There is one issue I didn't considered when introducing channel monitor. When the IID (Instance ID) in the GLS (Get Link State) command changes from 255 to 1. The BCM5718 never gives response for the command who has 1 for its IID. I already had a patch fixing it and will post it together with other NCSI patches later.

geissonator commented 8 years ago

One interesting tidbit, is once we hit the fail (i.e. you can't ping the BMC externally), if you go into the BMC serial console, and do a "traceroute" to a system within the lab, the ping to the BMC suddenly starts working.

We continue to hit this consistently across all of our systems here in Austin and are eagerly anticipating a fix.

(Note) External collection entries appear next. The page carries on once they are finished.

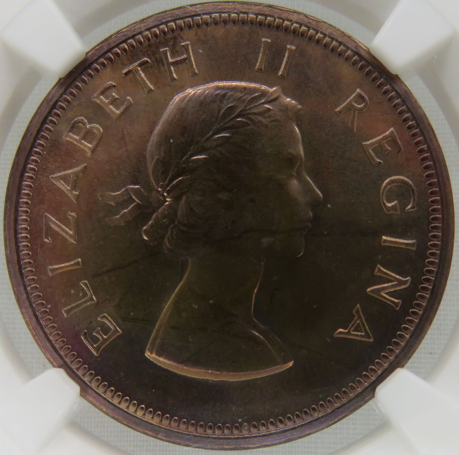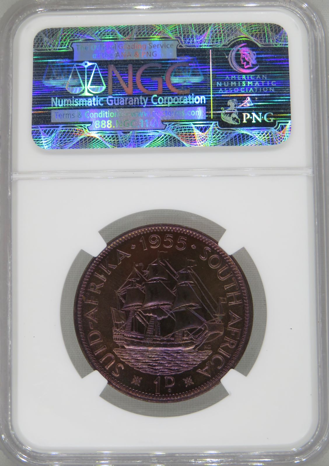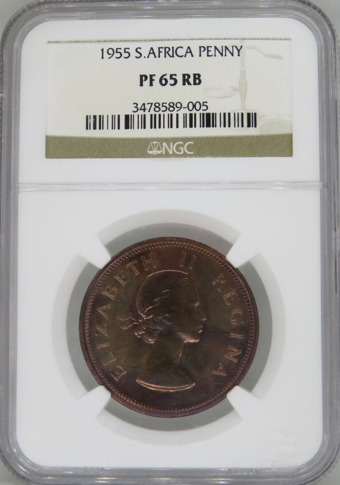 Lot 12: South Africa: Union Elizabeth II bronze Penny of 1955 Proof 65 Red & Brown NGC.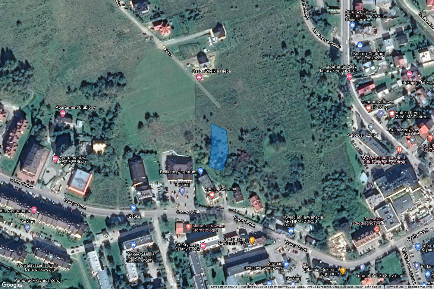 Działki ewidencyjne zlokalizowane są niedaleko zbiegu ulic Czarny Potok i Kraszewskiego, która stanowi drogę wojewódzką nr 971. Działki znajdują się na stoku o nachyleniu wschodnim lub południowym, w odległości ok. 2 km od centrum Krynicy-Zdroju i ok 2,5 km od terenów sportowych i rekreacyjnych (Kolej Gondolowa Jaworzyna Krynicka). Dojazd do nieurządzonej drogi wewnętrznej (dz. 403/38) stanowi ulica Halna, łącząca się z ulicą Kraszewskiego. Działki są niezabudowane, stanowią teren zielony częściowo zakrzaczony, z pojedyczymi drzewami. Sąsiedztwo działek stanowi zabudowa mieszkaniowa jednorodzinna oraz tereny zielone. Niedaleko znajduje się szpital, budynki handlowo – usługowe i osiedle mieszkaniowe. Z urządzeń infrastruktury technicznej działki posiadają dostęp do sieci: energetycznej, wodociągowej, kanalizacyjnej i gazowej od strony ulicy Halnej lub Czarny Potok.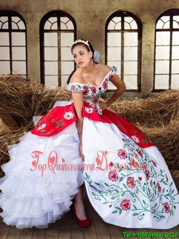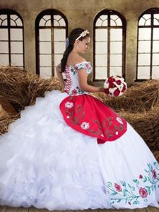High Class Off the Shoulder Ruffled Floor Length Ball Gowns Cap Sleeves White and Red Quinceanera Gowns Lace Up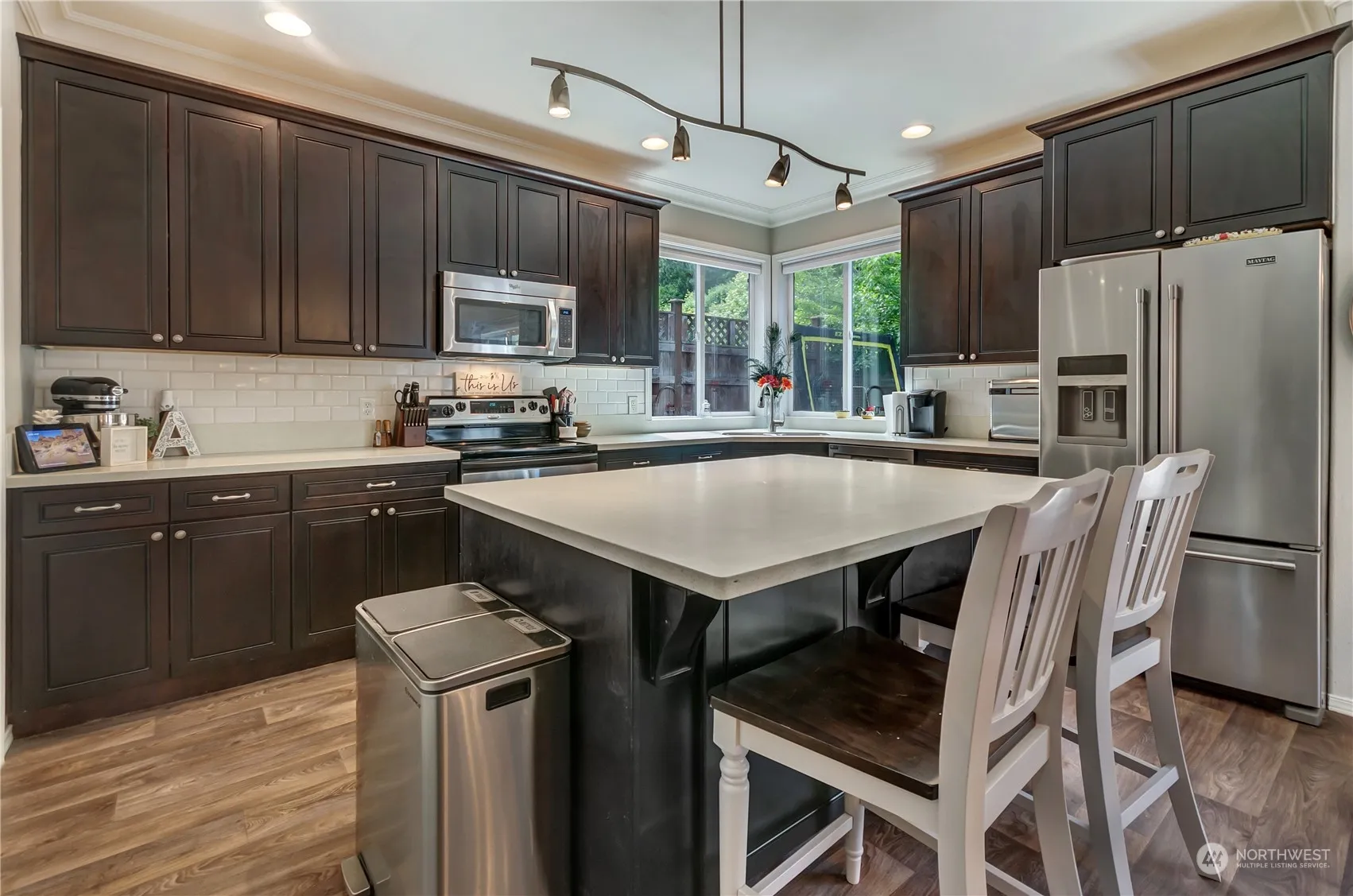 Beautifully remodeled 4 bdrm home in sought-after Willow Brook backs to greenbelt for ultimate privacy. Partial Mt Rainer view. Nearly 2000 sqft of living space. A/C, sprinklers & many upgrades. Great room concept w/vaulted ceilings, expansive flooring. Beautifully updated kitchen w/ SS appliances, quartz countertops & island bar, tons of cabinet space. Large primary suite w/walk-in closet, luxe 5-pc bath. 1 bdrm on main, currently used as an office. Laundry/utility rm w/cabinetry is conveniently located off kitchen. Large private backyard, oversized patios featuring a gazebo, sprinkler system & mature landscaping create a resort-like retreat. Oversized 2-car gar & much more. Near shopping, restaurants & 410. $7K buyer bonus at closing.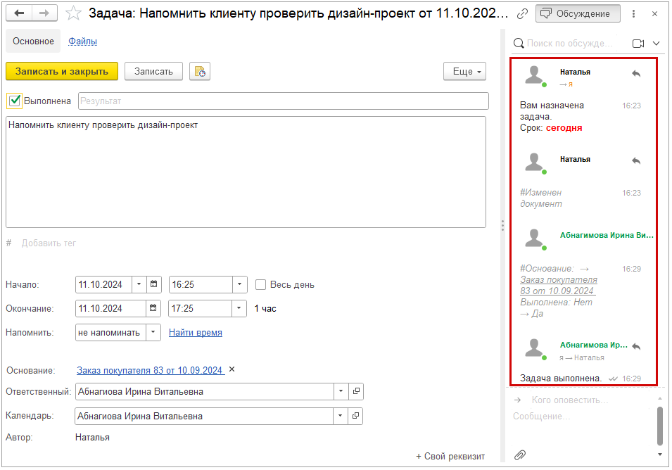 В документе "Задача" стали доступны обсуждения, где можно взаимодействовать с другими сотрудниками на тему задачи. При возникновении задачи ответственному сотруднику будет направленно уведомление о назначении, а при выполнении - автоматическое уведомление получит инициатор задачи.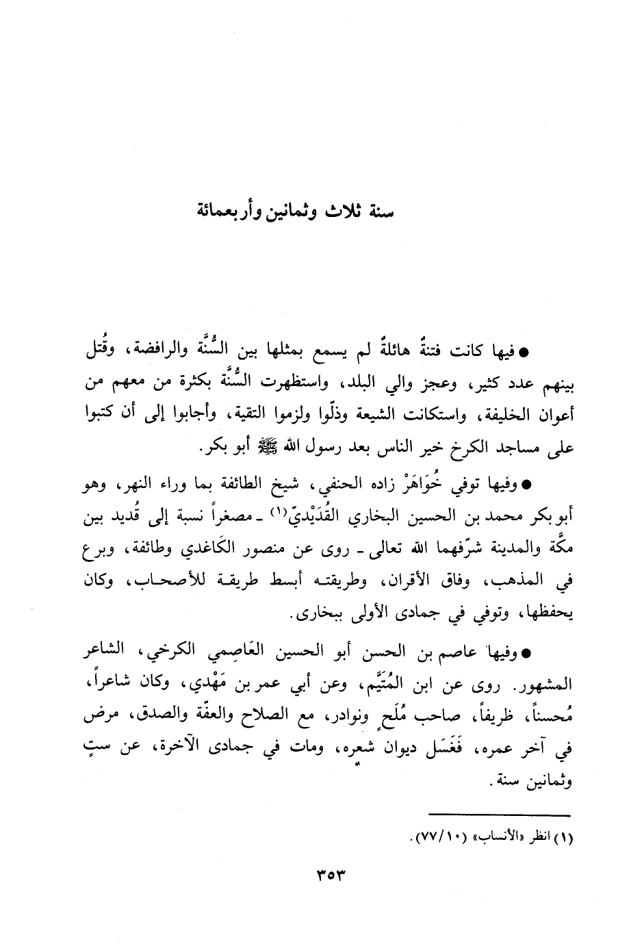 فيها كانت فتنة هائلة لم يسمع بمثلها بين السّنّة والرافضة، وقتل بينهم عدد كثير، وعجز والي البلد، واستظهرت السّنّة بكثرة من معهم من أعوان الخليفة، واستكانت الشيعة وذلّوا ولزموا التقية، وأجابوا إلى أن كتبوا على مساجد الكرخ خير الناس بعد رسول الله صلّى الله عليه وسلّم أبو بكر.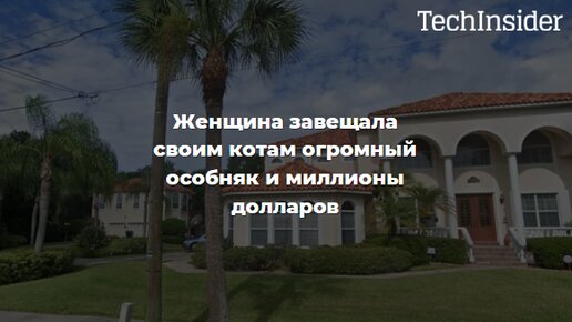ЖЕНЩИНА ЗАВЕЩАЛА СВОИМ КОТАМ ОГРОМНЫЙ ОСОБНЯК И МИЛЛИОНЫ ДОЛЛАРОВ

gwshan commented 7 years ago

Copy to internal email exchange to make this complete:

Andrew, thanks a lot for sharing the machines for debugging. it's not surprise to see non-functional network as two BMCs have same MAC addresses. Please ask the network admin to assign the correct (non-conflicting) MAC addresses to the BMCs.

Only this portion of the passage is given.